We can view the file as a dictionary and save the pickle file in data/pickle.

1.2 Music Scores (FreeMidi)

Download

In addition to the speech dataset, we also need a music dataset to provide guidance of melody. FreeMidi Dataset is a good choice. We only use the pop songs among them which contains about 4000 midi files.

Download and save the original pop songs midis in data/midis/raw

Preprocessing

In order to extract the note information of the melody, we need to clean the original multitrack data and recognize the lead track.

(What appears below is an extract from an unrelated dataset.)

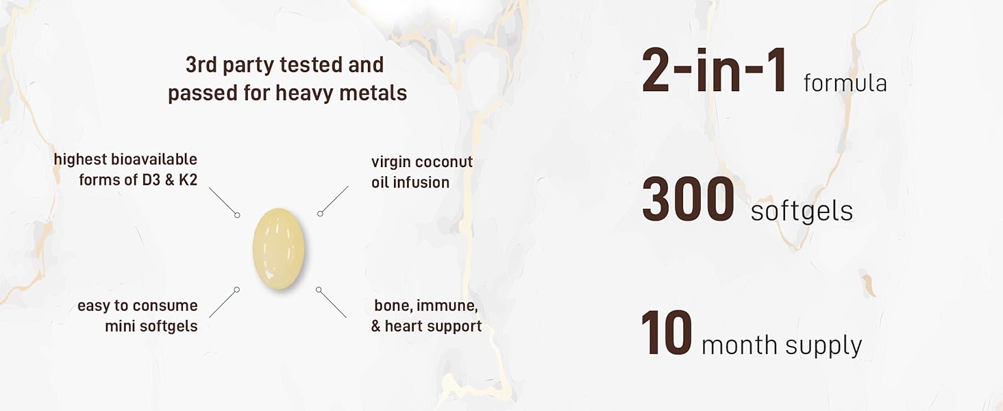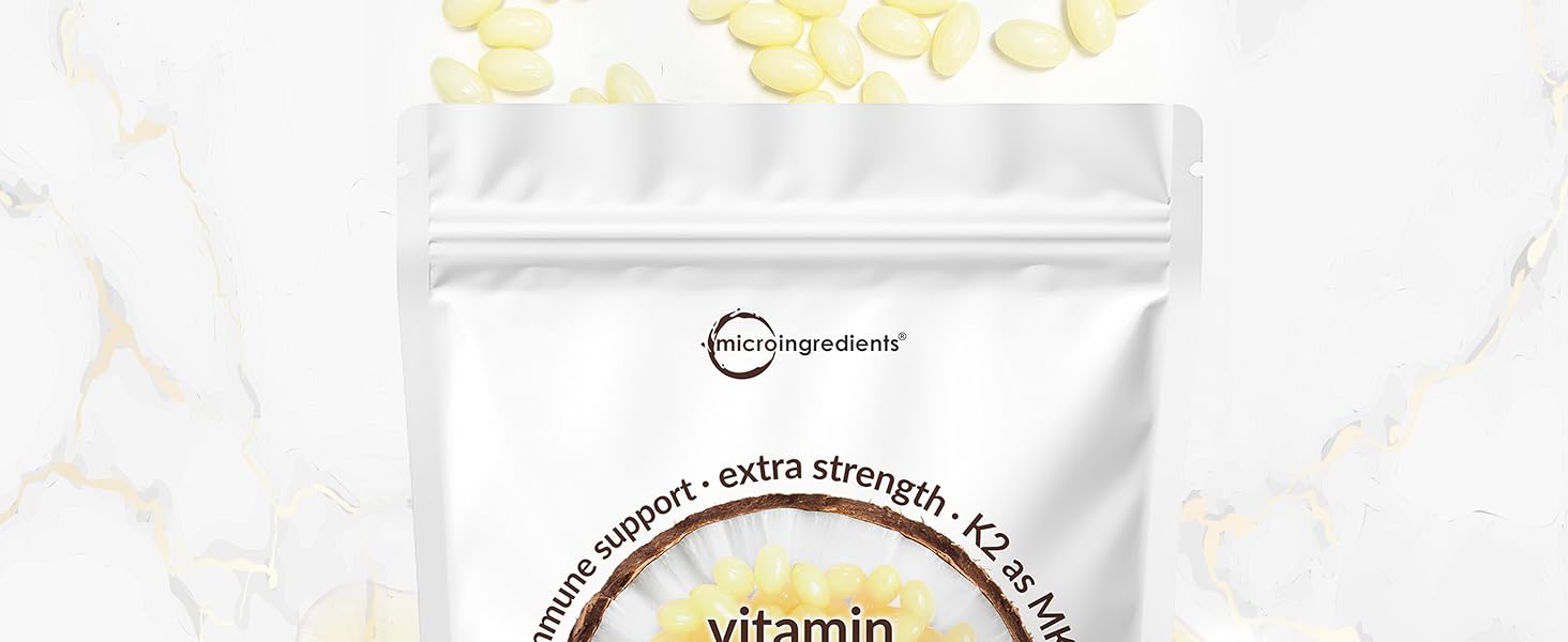 Micro Ingredients Vitamin D3 10,000 IU + K2 MK-7 200 mcg – Viên Uống Bổ Sung D3 K2 Hỗ Trợ Xương, Tim Mạch & Miễn Dịch

conda create -n midi python=3.6 -y
conda activate midi
pip install -r midi_preprocess/requirements.txt

PYTHONPATH=. python midi_preprocess/preprocess.py --config midi_preprocess/configs/default.yaml

Then the processed midi files can be found in data/midis/processed/midi_6tracks

2. PDAugment

After getting the phonemes, alignment and melody, we can now augment the dataset by PDAugment.

Here we provide pdaugment.py.

Requirements

We need to meet all the requirements of PDAugment.

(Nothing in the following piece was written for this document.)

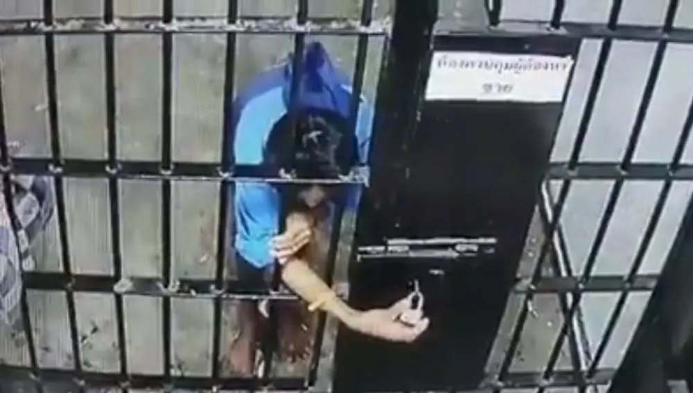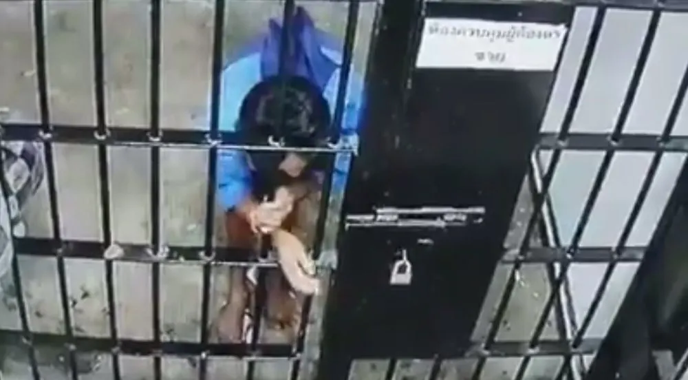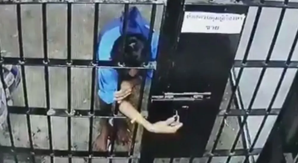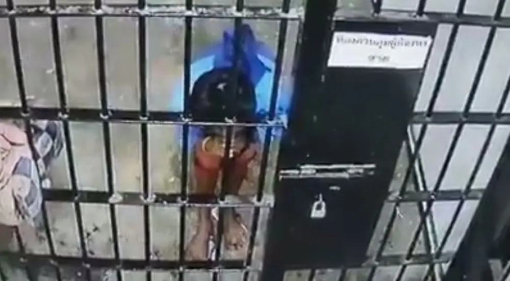 ภาพเหตุการณ์เมื่อคืนวันที่ 27พ.ย.61ขณะผู้ต้องหาคดีข่มขืนด.ญ.13ปี กำลังพยายามใช้ไสยศาสตร์ มนต์ดำ สะเดาะกุญแจห้องขัง ให้ได้ บน สภ.เฉลิมพระเกียรติ จ.บุรีรัมย์ โดยกล้องวงจรปิด บนโรงพักจับภาพไว้ชัดเจน

conda create -n pdaugment python=3.6 -y
conda activate pdaugment
sudo apt-get install libsasl2-dev python-dev libldap2-dev libssl-dev -y
pip install -r requirements.txt

Augmentation

We need following command line parameters.

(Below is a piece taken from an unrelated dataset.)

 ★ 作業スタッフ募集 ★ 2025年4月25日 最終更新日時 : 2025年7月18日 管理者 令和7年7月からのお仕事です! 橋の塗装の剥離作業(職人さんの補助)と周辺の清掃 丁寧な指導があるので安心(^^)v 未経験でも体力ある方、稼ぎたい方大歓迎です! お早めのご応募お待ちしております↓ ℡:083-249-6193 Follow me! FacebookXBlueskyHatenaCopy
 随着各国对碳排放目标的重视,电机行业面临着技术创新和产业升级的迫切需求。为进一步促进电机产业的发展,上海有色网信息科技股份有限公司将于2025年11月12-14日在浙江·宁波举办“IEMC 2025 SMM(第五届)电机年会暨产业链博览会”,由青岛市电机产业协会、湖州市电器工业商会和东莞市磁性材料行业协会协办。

pickle_path             # directory of pickle data, e.g., data/pickle/mel_splits.pickle
frequency_json_file     # mapping between semitone and frequency, e.g., utils/frequency.json
dataset_dir             # directory of dataset, e.g., data/speech/wav/dev-clean
midi_file_fir           # directory of midi file, e.g., data/midis/processed/midi_6tracks
metadata_dir            # metadata information of dataset, e.g., data/speech/phone/dev-clean_metadata.csv
output_duration_dir     # output directory of duration-augmented wav, e.g., data/duration
output_pitch_dir        # output directory of pitch-augmented wav, e.g., data/pitch
output_pdaugment_dir    # output directory of PDAugmented wav, e.g., data/pdaugment
selected_dir            # select directory for training, validating and testing, e.g., ${output_pdaugment_dir}

You can augment the speech dataset with multiple threads by setting:

number_of_threads       # number of threads to process, e.g., 16

Finally run the pdaugment.py.

python pdaugment.py <pickle_path> <frequency_json_file> <dataset_dir> <midi_file_fir> <metadata_dir> <output_duration_dir> <output_pitch_dir> <output_pdaugment_dir> <number_of_threads>
# e.g., python pdaugment.py data/pickle/mel_splits.pickle utils/frequency.json data/speech/wav/dev-clean data/midis/processed/midi_6tracks data/speech/phone/dev-clean_metadata.csv data/duration data/pitch data/pdaugment 16

The corresponding augmented audios will be generated and saved in certain directories.